The EU Commission has failed to prove that it has the rule of law crisis under control. It continues to emphasise the importance of maintaining rule of law standards and promoting rule of law culture, which completely ignores the fact that, in some parts of the Union, there is not much rule of law left to maintain.Footnote 110 What seems to be lost on the Commission is that dialogue will only work if a Member State genuinely intends to operate within the parameters of the fundamental values.Footnote 111 What has happened in Poland and Hungary over the past decade has proven that dialogue only exacerbates rule of law backsliding in countries that no longer want to play by the rules.Footnote 112

The Commission’s response continues to be fragmented and incoherent, as made evident by its inadequate reporting of the rule of law situation in Lithuania. In order to fulfil the purpose of the Rule of Law Mechanism the 2022 reports, which are still in production at the time of this writing, need to reflect upon the failings of the first two reports in order to serve any practical benefit in the fight against rule of law backsliding in the Union. Specifically, the overly positive tone and failure to report rule of law violations truthfully render the reports ineffective.Footnote 113 Indeed, this article has pointed out that despite the shortcomings of the Rule of Law Reports so far, they remain a very promising tool which has the potential to help turn the tide in favour of the EU in the fight to protect the rule of law. However, in order for reporting to work, the Commission must reconsider their approach so far and engage in finding ways to strengthen the current blueprint of this tool. Even small adjustments such as the inclusion of specific recommendations to each Member State or larger reforms such as the introduction of a scoring system to numerically measure compliance with various aspects of the rule of law could provide more reliable reports and should be considered.Footnote 114 Overall, the Commission needs to learn from the mistakes it has made in dealing with Poland and Hungary and use the rule of law tools it has created effectively.
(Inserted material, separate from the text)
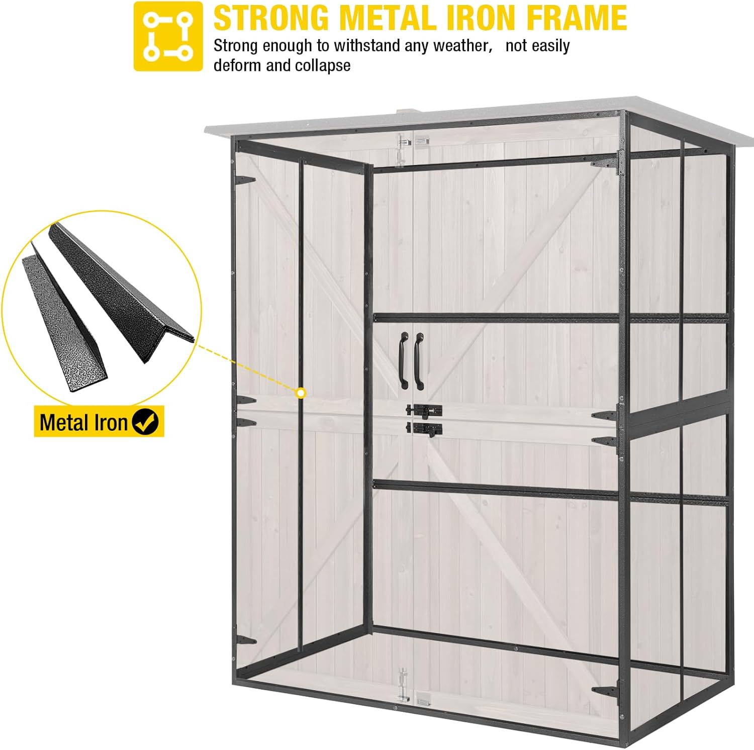 - Stable Construction: Reinforced with a robust metal frame, our outdoor garden shed offers unparalleled stability, ensuring it withstands various weather conditions for long lasting durability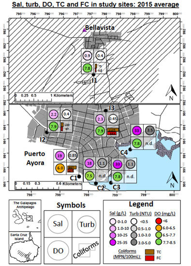 Analyses employed a 9-year (2007–2015) dataset obtained from the routine water quality monitoring program carried out by the Galapagos National Park in Santa Cruz Island to monitor the overall status of inland and coastal waters [30]. Data consisted in a total of 11 water quality parameters presented in Table A1: electrical conductivity (EC), salinity (Sal), dissolved oxygen (DO), water temperature (WT), pH, turbidity (Turb), fecal coliforms (FC), total coliforms (TC), nitrite (NO2−-N), nitrate (NO3−-N), and total phosphorus (TP).

It must heed the advice of experts and refrain from viewing individual breaches of the rule of law in isolation.Footnote 115 This means that the next Rule of Law Report on Lithuania must recognise that an executive’s persistent tampering with the nomination of Constitutional Court Judges, illegal dismissal of an apex court judge, and attempts to curb free media over a short period are not accidental. These breaches represent a systemic attack on the rule of law, and turning a blind eye to this fact undermines the whole endeavour of protecting the EU’s fundamental values. Furthermore, these superficial reports enable what Bárd terms ‘whataboutery’—the ability of countries which consciously exploit the weaknesses of the rule of law to feed a conspiracy theory that the EU is treating them inequitably.Footnote 116 Unless these reports join the dots between individual breaches of the rule of law in a Member State to unveil its systemic nature, the future of the EU is unthinkable.